→ **INFORMATION SHOWN**

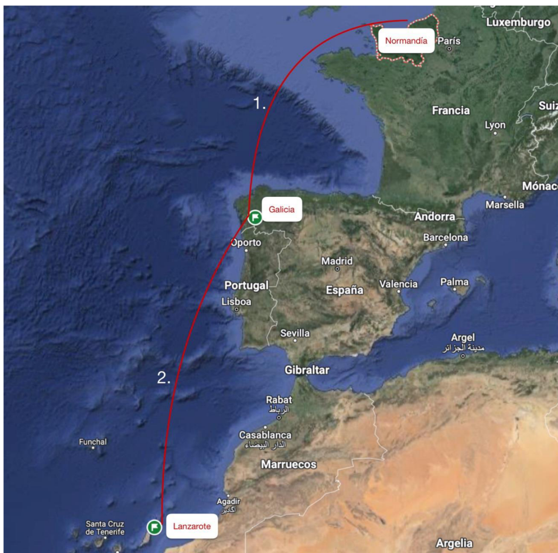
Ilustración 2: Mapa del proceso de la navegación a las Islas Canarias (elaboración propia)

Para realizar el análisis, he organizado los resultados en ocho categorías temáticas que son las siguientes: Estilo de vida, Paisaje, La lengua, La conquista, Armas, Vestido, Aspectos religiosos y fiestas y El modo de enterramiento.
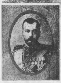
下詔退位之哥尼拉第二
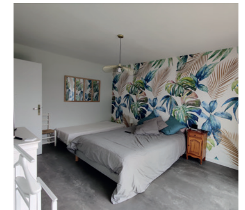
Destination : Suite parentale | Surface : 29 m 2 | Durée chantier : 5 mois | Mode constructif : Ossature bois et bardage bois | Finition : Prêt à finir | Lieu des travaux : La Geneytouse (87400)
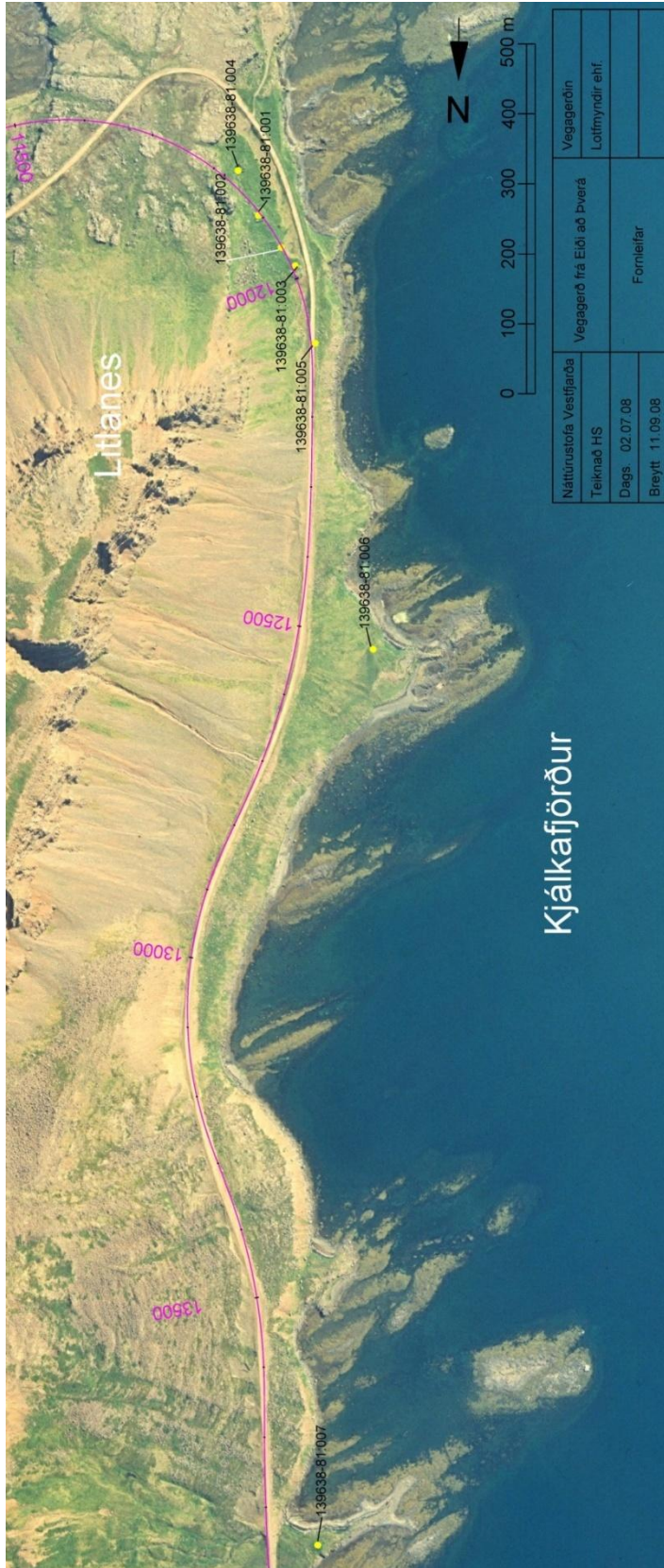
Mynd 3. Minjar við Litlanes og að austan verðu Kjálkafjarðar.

→ **TASK OBJECTIVE**
With the pictures excluded, restate the material exactly as it stands.

→ **SOLUTION**
Ilustración 2: Mapa del proceso de la navegación a las Islas Canarias (elaboración propia)

Para realizar el análisis, he organizado los resultados en ocho categorías temáticas que son las siguientes: Estilo de vida, Paisaje, La lengua, La conquista, Armas, Vestido, Aspectos religiosos y fiestas y El modo de enterramiento.
下詔退位之哥尼拉第二
Destination : Suite parentale | Surface : 29 m 2 | Durée chantier : 5 mois | Mode constructif : Ossature bois et bardage bois | Finition : Prêt à finir | Lieu des travaux : La Geneytouse (87400)
Mynd 3. Minjar við Litlanes og að austan verðu Kjálkafjarðar.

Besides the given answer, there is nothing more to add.